Saturday, April 16, 2016
Rhapsody (DoubleTree by Hilton Philadelphia Center City)
This talk expands on the so-called third wave of memory studies. I examine the impact of globalization on how we work with memory and how memory works. The consolidation of the Human Rights Regime during the 1990s, stands in elective affinity with a cosmopolitan turn in the study of mnemonic practices. The contours of a cosmopolitan framework for memory studies will be presented along two key areas: changing temporal experiences and evolving conceptions of solidarity. Non-teleological future(s) and the reconfiguration of solidarities, I argue, constitute new epistemological foundations for the study of memories. The talk will address both topics in terms of their recent history and the conceptual surcharge they offer for memory scholars. The cultural and political salience of memory politics is circumscribed by the outlines of the past-present-future nexus.
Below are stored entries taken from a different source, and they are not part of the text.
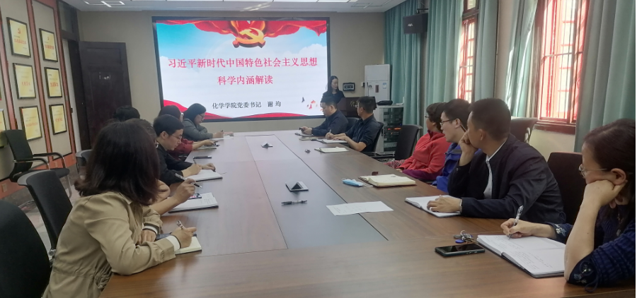 领导干部学习贯彻习近平新时代中国特色社会主义思想主题教育读书班第一次集中研讨在化学馆122会议室举行。全体领导班子成员、专职组织员、两委委员、支部书记代表、学院主题教育工作组成员等参加。研讨会由学院党委书记谢均主持。
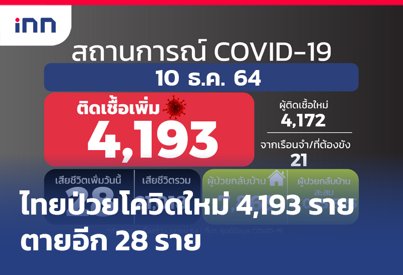 ทรงตัว!ป่วยโควิดใหม่ 4,193 ราย สะสม 2,160,780 ราย ไม่นับ ATK อีก 1,546 ราย ขณะเสียชีวิตเพิ่ม 28 ราย รักษาหาย 7,863 ราย เหลือรักษาตัวใน รพ. 56,717 คน
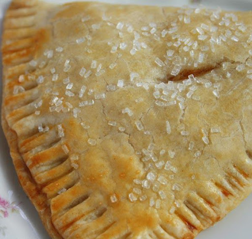 Melt butter in a skillet over medium heat. Combine cornstarch with 1/3 cup sugar; add to skillet. Stir in peaches, cinnamon and salt. Cook until mixture thickens and boils, about 25 minutes, stirring frequently. Boil for one minute; remove from heat and stir in lemon juice. Cool completely; set aside. Cut crusts into quarters; spoon 2 tablespoons filling into the center of each quarter, leaving 3/4-inch dough uncovered on each side. Fold dough over filling; press edges together to seal. Transfer pies to 2 ungreased baking sheets. Brush tops of pies with egg; sprinkle with remaining sugar. Cut a one-inch slit in the top of each pie.

With the proliferation of toxic (and frequently contested) pasts and the limited appeal of progress-based futurity, memory studies become a central prism for the assessment of resilience. Co-extensive with these trajectories, I contend, is the transformation of the nature, scale and reference points of solidarities in the context of global interdependencies and awareness to human rights abuses. Whether these developments lead to more resilience and/or the intensification of conflicts, both within and between political communities, remains an empirical question. However, the centrality of memory, expressed through competing visions of political futures and solidaristic figurations, provides a powerful heuristic framework.